Aim of the exercise:
A faithful copy is required. Print each line of the data exactly and omit the pictures.

The data:
■ ■ ■ ■

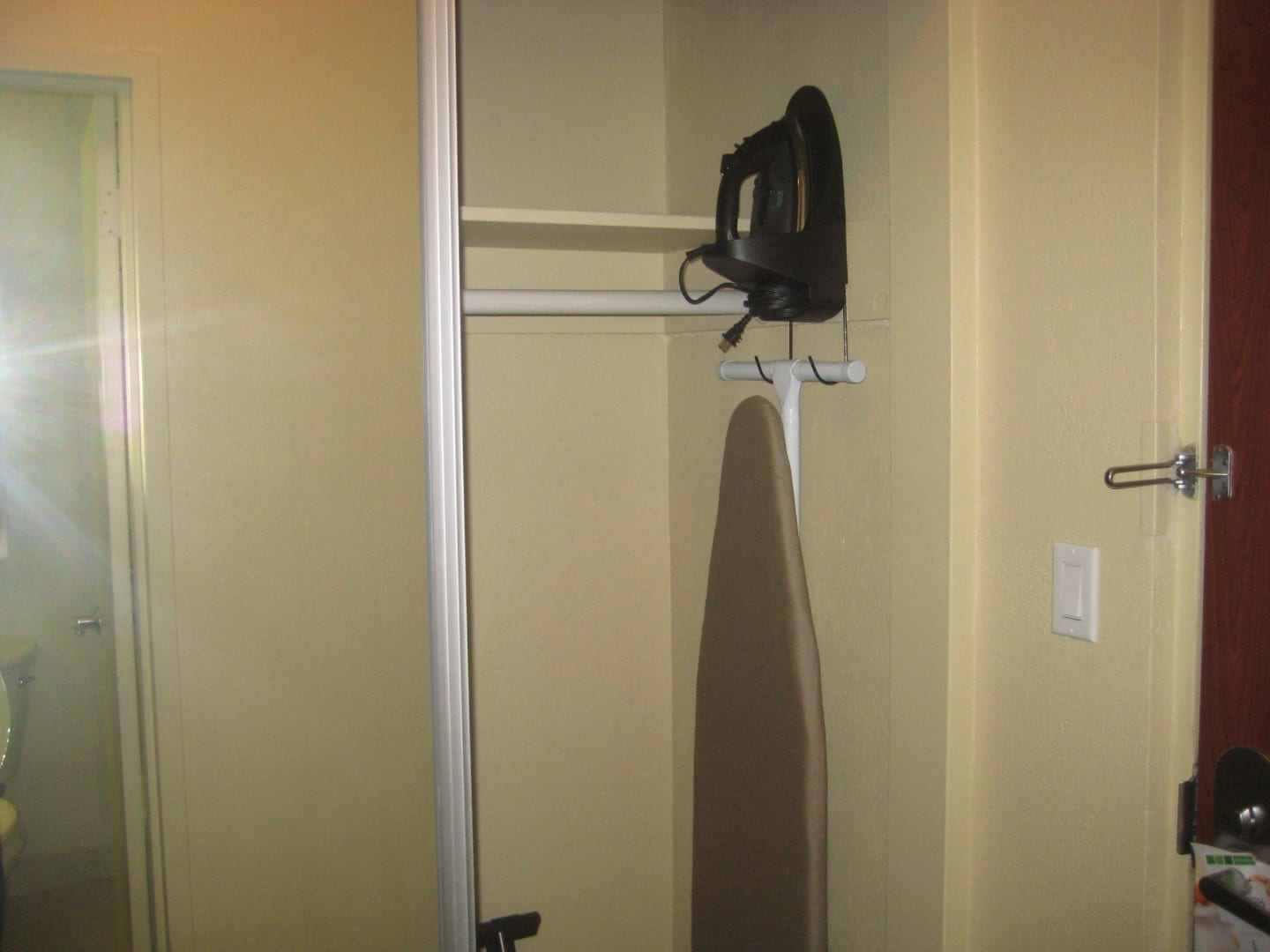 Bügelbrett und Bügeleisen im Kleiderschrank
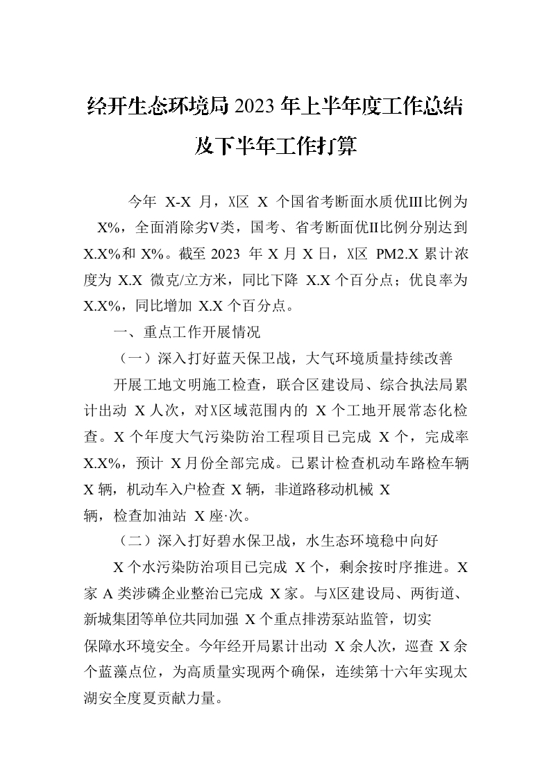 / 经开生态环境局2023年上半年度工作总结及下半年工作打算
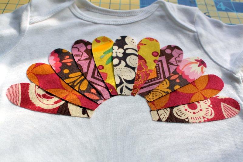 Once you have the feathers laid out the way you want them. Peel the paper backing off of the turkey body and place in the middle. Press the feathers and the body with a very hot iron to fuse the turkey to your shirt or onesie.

■ ■ ■ ■

Task result:
 Bügelbrett und Bügeleisen im Kleiderschrank
 / 经开生态环境局2023年上半年度工作总结及下半年工作打算
 Once you have the feathers laid out the way you want them. Peel the paper backing off of the turkey body and place in the middle. Press the feathers and the body with a very hot iron to fuse the turkey to your shirt or onesie.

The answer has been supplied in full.